Résultat, 20 moments de bonheur. Villard reste Villard tout en jouant à être Pouy, Pouy fait semblant d’être Villard pour redevenir lui-même dans une ultime pirouette. Les thèmes se télescopent, se répondent, se mélangent.

Et oui, se mélangent parce que le lecteur attentif ne pourra pas ne pas remarquer que lorsqu’il traite de la vache ou de la patate (thématiques JBP) MV y met aussi une pincée de drogue (thématique MV), ou que lorsque JBP parle des Halles (thème MV), il y met aussi pas mal de peinture, et de libertaires (thèmes JBP) … Vous suivez ? Non ? c’est pas grave.

Faites-moi confiance, le spectacle est rodé, minuté. Ca part dans tous les sens, on en prend plein les neurones. On sourit beaucoup, on bade devant autant de maestria, et on se garde au coin de l’oreille quelques pépites pêchées ici ou là, comme la diatribe hallucinante et pourtant très logique d’un poivrot dans un commissariat (je vous laisse découvrir le poivrot et le commissariat) et quelques pirouettes finales éblouissantes.

Ceci dit, et comme je le disais dans ma chronique de leur précédent spectacle, si j’essayais d’être écrivain, j’aurai salement les crocs de voir ces deux affreux s’amuser à pondre avec autant de facilité apparente et de bonheur des nouvelles aussi épatantes juste pour rire …

Convaincus ?

Jean-Bernard Pouy et Marc Villard / Zigzag, Rivages/Noir (2010).

PS. Le titre est une private joke que seul les auteurs et moi pouvons comprendre. Et toc.

Marc Villard revisite l’année 1969

Après un roman un lent et lourd, il fallait un coup de fouet, du fin mais corsé, sec mais long en bouche … Coup de chance, j’avais le dernier Marc Villard sous la main, Sharon Tate ne verra pas Altamont. Bonne pioche.
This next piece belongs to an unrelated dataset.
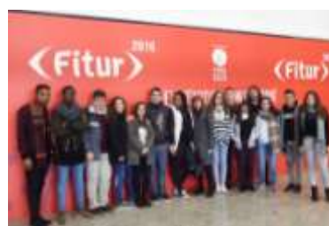
Imagem 1 – Visita A Madrid (FITUR)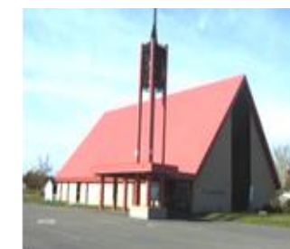
Saint-Vincent-de-Paul 422, rue Principale, Pointe-Verte Messe samedi 16 h

Fin 1969, trois événements défraient la chronique. Le 2 juillet, Brian Jones est découvert mort dans sa piscine. Le 9 août, Sharon Tate, l’épouse de Roman Polanski est assassinée chez eux par Charles Manson et quelques uns de ses adeptes. Le 5 décembre, pendant le concert des Stones à Altamont (Californie), une jeune noir est tué par des Hell’s Angels qui assurent le service d’ordre.

Marc Villard transforme ces trois faits divers en littérature. Il brode, invente la chair autour de ce squelette, mêle personnages fictifs et personnages réels. Bref, il réécrit l’Histoire en écrivant une histoire.

Du pur bonheur. Même si j’étais un peu jeune à l’époque (je peux le dire, je suis né en 65) pour me souvenir de ces trois événements marquants, ils sont pour tout amateur de cinéma et de musique, et/ou de culture américaine (ça va souvent ensemble) des points de référence mythiques. Les retrouver dans un roman, mis en scène, et mis en cohérence peut se révéler passionnant.

Encore faut-il que ce soit bien fait. Et c’est là que la patte Marc Villard intervient. Parce qu’il a su trouver les personnages supplémentaires, l’habillage nécessaire pour les mettre en cohérence et bâtir une vrai fiction.

Et surtout, mais c’est une lapalissade de le dire, parce qu’il y a l’écriture Marc Villard. Elle claque, percute, toutes les phrases font mouche. Pas un mot de trop, du rythme, du punch, de l’humour. Bref un vrai régal.

Petit plus non négligeable, les photos d’époque, fort bien choisies et fort bien venues, décuplent le plaisir de retrouver ces trois faits divers marquants.

Marc Villard / Sharon Tate ne verra pas Altamont, Biro éditeur (2010).

M. Villard et JB Pouy s’amusent

Prenez deux virtuoses à l’imagination débordante. Laissez-leur le champ libre, en ne leur donnant qu’une contrainte : s’amuser à deux. Vous obtenez Tohu-Bohu, de Marc Villard et Jean-Bernard Pouy. Le principe est simple : chacun doit écrire six nouvelles. Et hop, il les envoie à l’autre, qui lui répond. En écrivant une suite, une variation, ce qui précède, un écho, en intercalant, en rebondissant, sur le thème sur une phrase …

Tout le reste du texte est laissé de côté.